§ Problem requirements: What is needed is a word-for-word copy of the lines below from the one with "Электрический парикмахерский инструмент" through the one with "雅思、托福、GRE、GMAT", both included, with every picture left out.

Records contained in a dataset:
····················

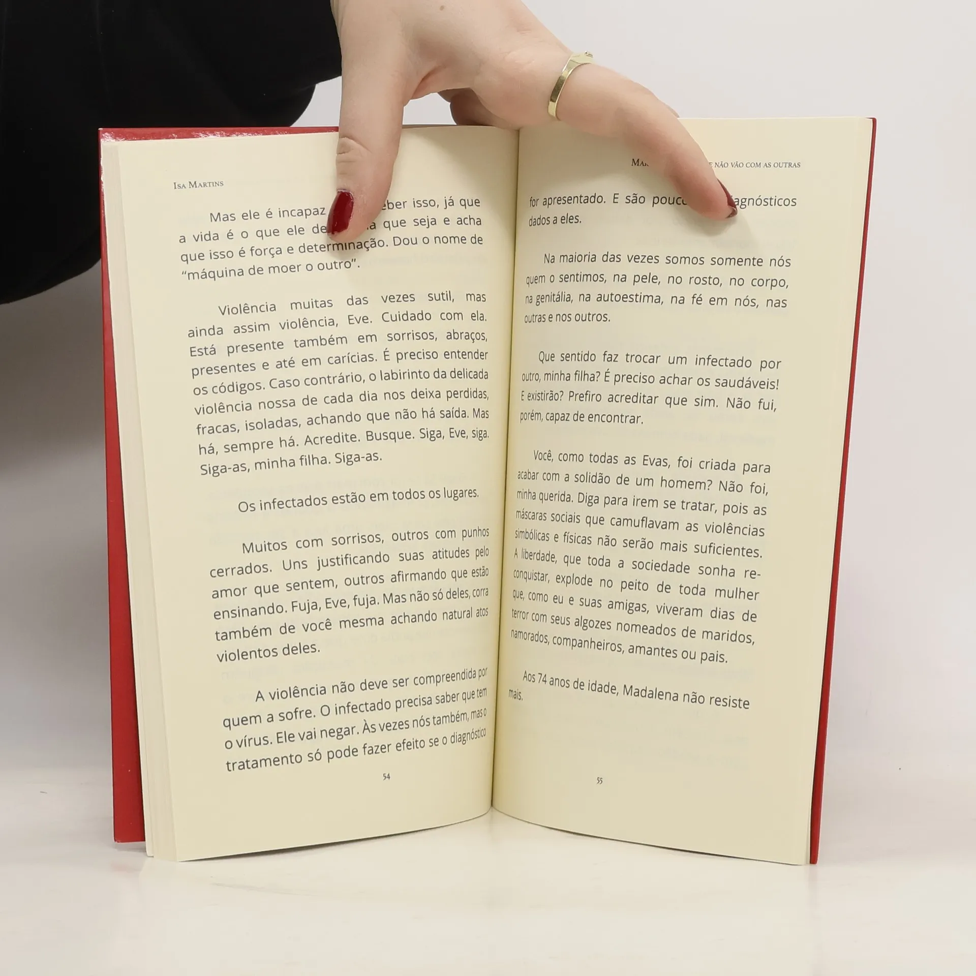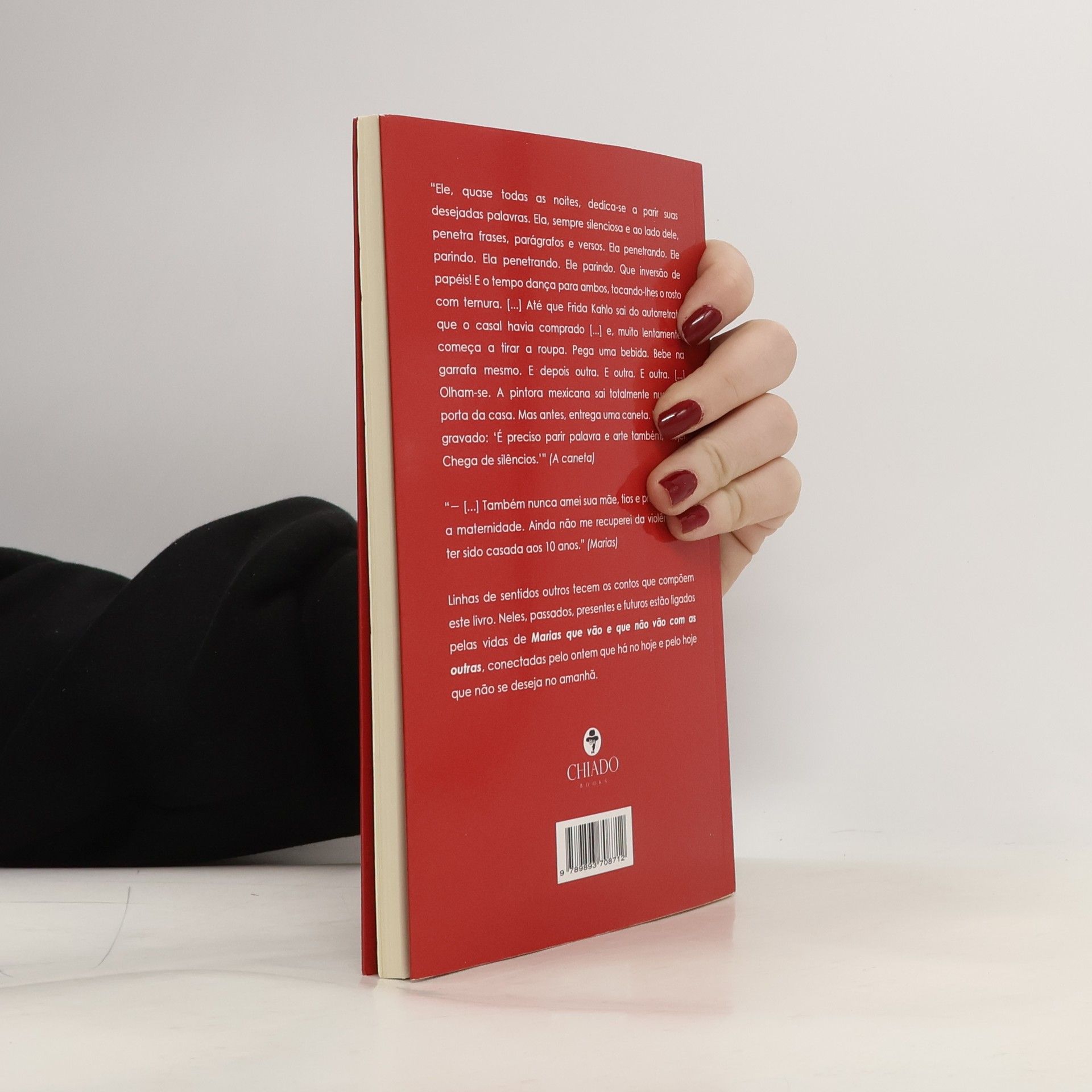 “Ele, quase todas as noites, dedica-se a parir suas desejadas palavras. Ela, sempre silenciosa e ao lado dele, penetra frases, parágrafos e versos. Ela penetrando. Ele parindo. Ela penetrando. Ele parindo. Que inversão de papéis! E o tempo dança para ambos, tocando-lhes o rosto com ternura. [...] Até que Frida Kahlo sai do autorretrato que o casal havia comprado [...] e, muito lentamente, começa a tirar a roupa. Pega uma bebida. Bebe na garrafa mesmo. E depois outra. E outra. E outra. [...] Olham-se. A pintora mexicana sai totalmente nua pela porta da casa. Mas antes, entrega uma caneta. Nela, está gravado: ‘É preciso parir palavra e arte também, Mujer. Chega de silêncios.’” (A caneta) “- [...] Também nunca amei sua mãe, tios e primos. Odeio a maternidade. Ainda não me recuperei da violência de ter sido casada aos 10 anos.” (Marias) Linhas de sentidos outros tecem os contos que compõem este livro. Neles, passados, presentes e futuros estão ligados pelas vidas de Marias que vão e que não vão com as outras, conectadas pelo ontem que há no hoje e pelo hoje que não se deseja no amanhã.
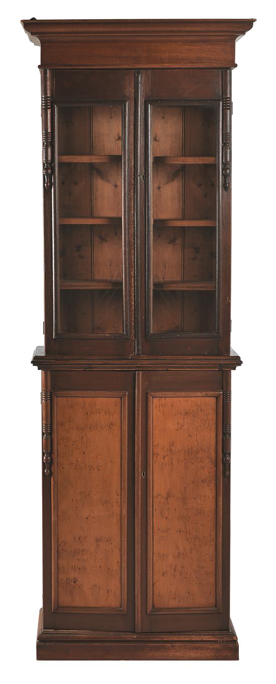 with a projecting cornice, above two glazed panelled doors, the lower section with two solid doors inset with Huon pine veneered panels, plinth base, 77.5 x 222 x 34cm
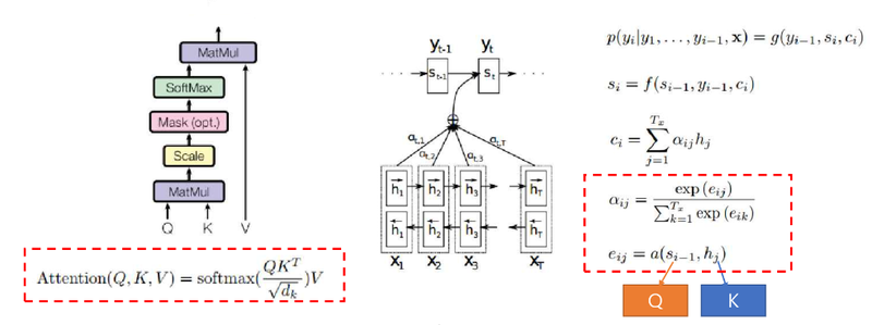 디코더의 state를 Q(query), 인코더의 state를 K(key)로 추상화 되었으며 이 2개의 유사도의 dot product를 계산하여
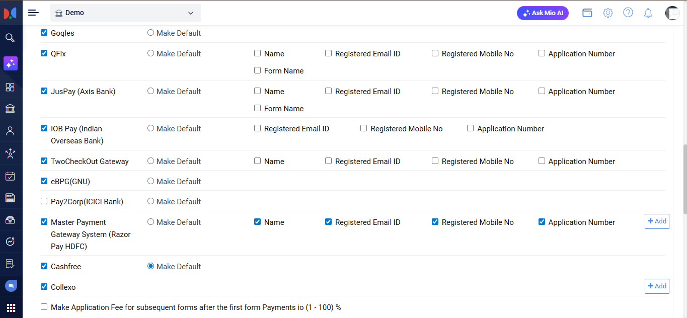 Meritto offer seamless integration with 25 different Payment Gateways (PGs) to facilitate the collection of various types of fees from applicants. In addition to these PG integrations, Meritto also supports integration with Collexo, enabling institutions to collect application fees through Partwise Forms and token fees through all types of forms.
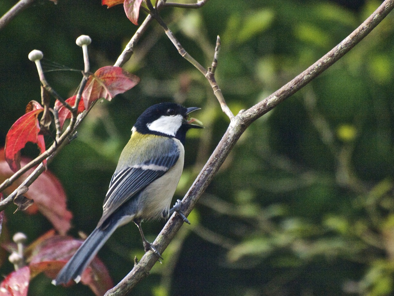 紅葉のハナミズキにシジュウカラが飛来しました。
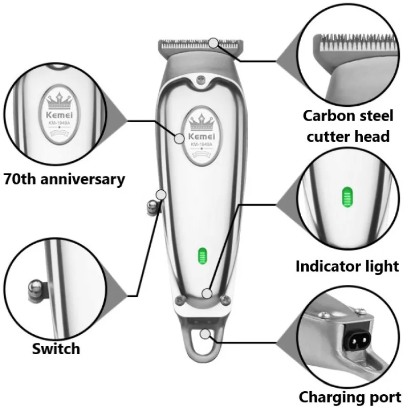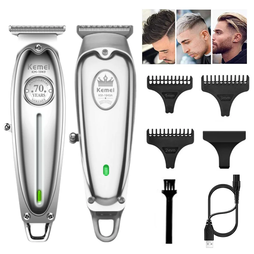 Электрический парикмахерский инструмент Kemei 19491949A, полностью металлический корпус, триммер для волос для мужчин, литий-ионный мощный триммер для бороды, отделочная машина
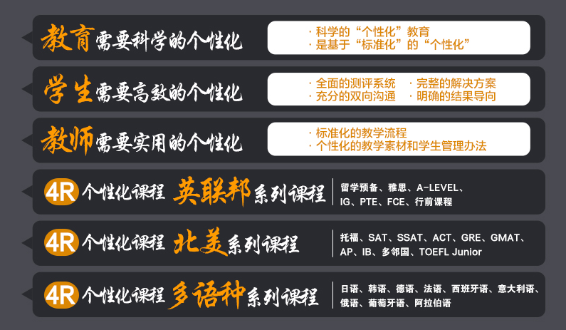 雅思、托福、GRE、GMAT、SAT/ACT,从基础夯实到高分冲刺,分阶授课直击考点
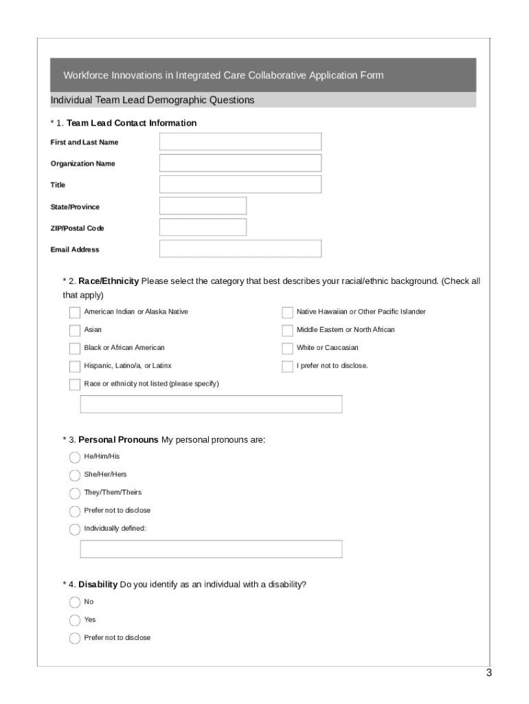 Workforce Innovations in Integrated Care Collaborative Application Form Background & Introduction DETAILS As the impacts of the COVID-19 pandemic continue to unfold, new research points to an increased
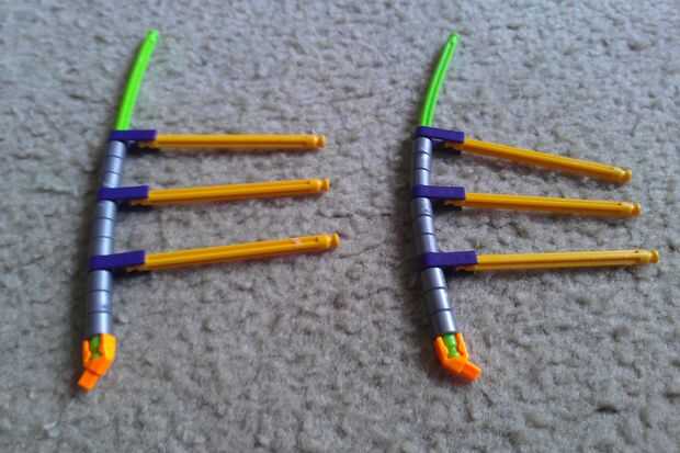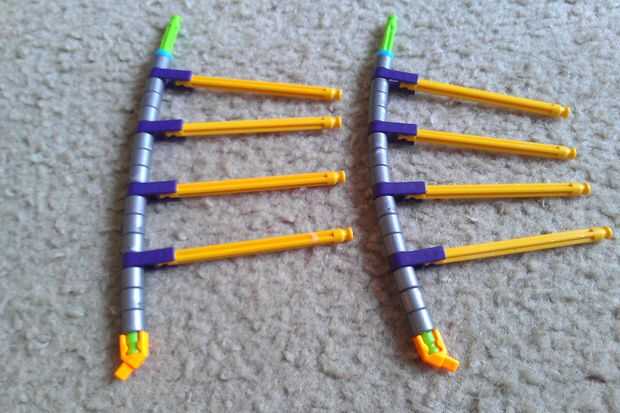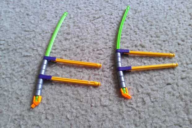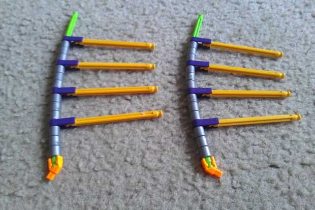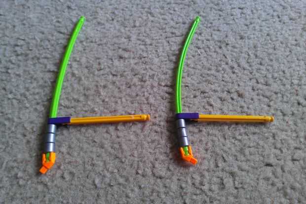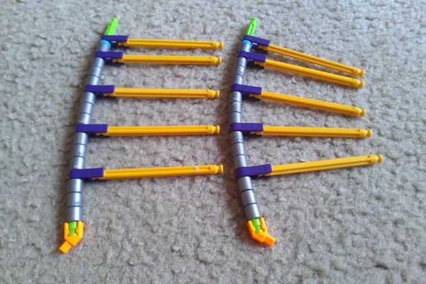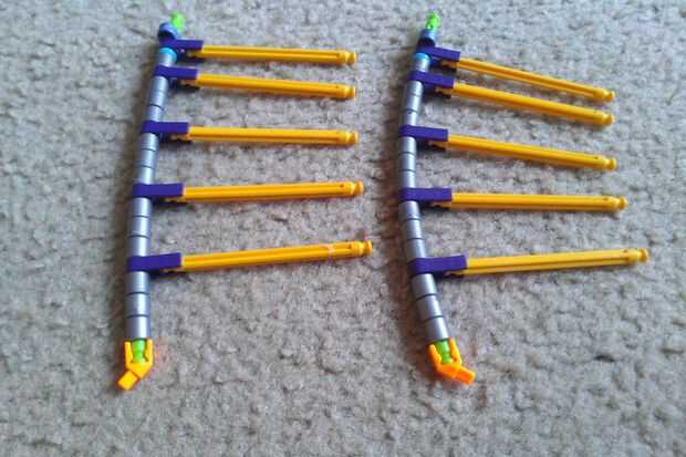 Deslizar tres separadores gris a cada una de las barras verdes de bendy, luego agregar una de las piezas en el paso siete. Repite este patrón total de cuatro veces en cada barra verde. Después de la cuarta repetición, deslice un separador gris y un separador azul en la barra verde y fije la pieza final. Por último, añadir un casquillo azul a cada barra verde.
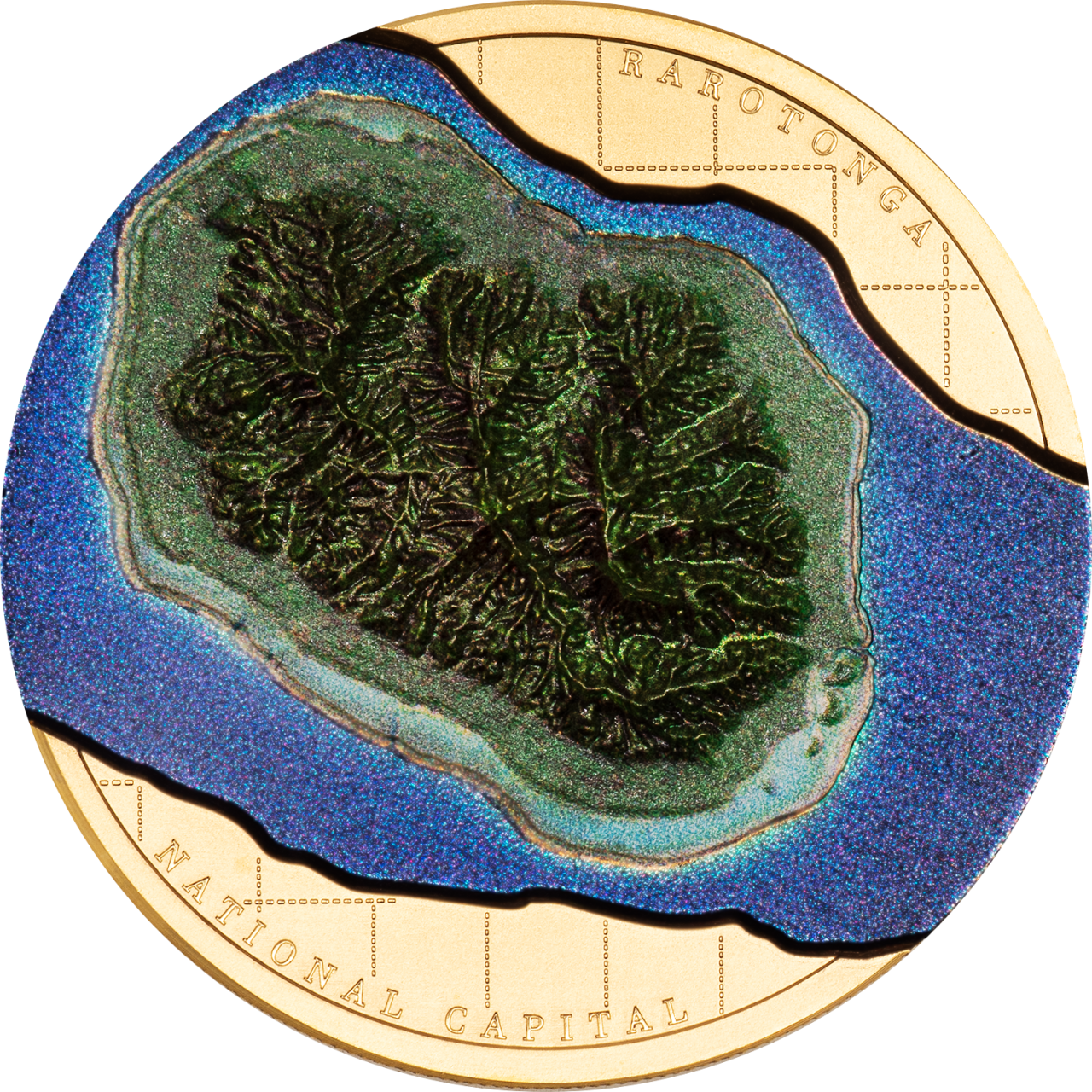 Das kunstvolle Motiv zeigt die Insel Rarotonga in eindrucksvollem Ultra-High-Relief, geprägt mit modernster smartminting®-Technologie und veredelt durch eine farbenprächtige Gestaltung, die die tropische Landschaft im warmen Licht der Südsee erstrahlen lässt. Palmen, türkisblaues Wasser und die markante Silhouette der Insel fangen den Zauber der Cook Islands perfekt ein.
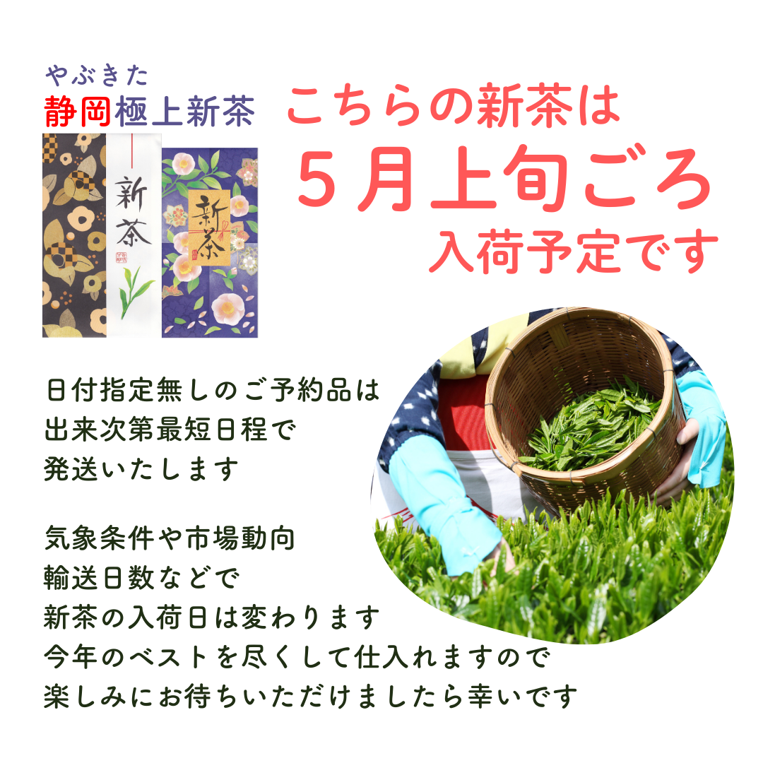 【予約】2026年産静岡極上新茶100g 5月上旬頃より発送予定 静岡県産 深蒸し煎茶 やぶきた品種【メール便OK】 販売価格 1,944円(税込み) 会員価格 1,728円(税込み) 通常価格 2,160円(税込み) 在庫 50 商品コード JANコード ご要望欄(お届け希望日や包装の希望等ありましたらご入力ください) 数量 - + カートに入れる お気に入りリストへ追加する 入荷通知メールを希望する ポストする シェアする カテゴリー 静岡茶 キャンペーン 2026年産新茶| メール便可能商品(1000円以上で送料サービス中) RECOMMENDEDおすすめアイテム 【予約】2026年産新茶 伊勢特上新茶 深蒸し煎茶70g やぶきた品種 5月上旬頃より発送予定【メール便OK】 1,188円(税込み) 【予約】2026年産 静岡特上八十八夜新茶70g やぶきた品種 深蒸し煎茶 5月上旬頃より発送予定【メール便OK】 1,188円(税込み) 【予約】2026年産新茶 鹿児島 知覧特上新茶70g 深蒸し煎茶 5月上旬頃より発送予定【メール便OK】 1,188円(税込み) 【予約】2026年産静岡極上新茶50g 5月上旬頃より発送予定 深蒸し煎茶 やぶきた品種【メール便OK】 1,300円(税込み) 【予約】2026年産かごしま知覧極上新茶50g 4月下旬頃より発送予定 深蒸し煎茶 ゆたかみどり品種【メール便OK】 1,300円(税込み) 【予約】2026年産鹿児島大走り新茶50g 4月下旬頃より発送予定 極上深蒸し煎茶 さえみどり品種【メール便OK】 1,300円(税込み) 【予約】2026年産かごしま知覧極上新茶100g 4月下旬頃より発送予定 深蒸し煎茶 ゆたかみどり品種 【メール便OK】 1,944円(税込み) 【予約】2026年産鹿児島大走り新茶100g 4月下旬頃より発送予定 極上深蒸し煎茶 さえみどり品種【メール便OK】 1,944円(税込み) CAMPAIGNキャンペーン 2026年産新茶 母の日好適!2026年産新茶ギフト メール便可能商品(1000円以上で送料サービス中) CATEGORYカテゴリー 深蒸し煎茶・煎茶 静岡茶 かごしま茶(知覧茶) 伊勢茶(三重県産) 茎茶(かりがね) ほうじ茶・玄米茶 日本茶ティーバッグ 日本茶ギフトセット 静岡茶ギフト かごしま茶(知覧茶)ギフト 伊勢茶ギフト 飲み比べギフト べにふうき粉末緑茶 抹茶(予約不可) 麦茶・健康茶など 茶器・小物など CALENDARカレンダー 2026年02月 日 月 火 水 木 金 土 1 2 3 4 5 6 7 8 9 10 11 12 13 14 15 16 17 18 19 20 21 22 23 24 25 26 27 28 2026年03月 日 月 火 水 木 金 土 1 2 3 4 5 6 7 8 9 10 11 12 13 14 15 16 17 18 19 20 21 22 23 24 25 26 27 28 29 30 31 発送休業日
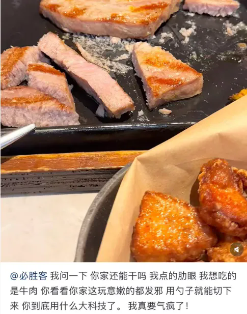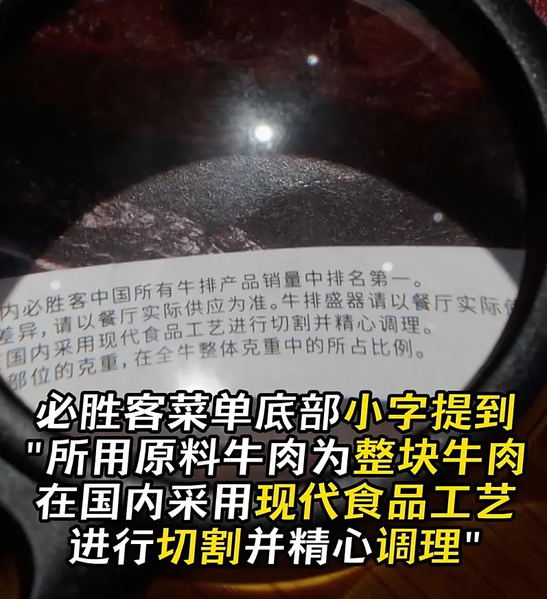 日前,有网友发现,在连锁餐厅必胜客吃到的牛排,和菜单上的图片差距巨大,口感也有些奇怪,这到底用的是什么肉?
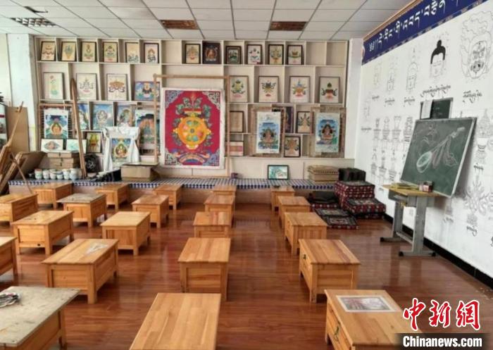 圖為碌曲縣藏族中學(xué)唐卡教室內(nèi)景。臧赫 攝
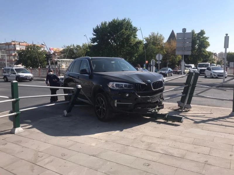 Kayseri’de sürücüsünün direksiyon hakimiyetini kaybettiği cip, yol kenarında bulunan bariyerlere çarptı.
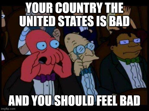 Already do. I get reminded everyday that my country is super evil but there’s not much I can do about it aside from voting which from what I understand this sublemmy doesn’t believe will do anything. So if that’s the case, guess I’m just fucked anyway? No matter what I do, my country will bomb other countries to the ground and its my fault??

····················

§ Response:
 Электрический парикмахерский инструмент Kemei 19491949A, полностью металлический корпус, триммер для волос для мужчин, литий-ионный мощный триммер для бороды, отделочная машина
 雅思、托福、GRE、GMAT、SAT/ACT,从基础夯实到高分冲刺,分阶授课直击考点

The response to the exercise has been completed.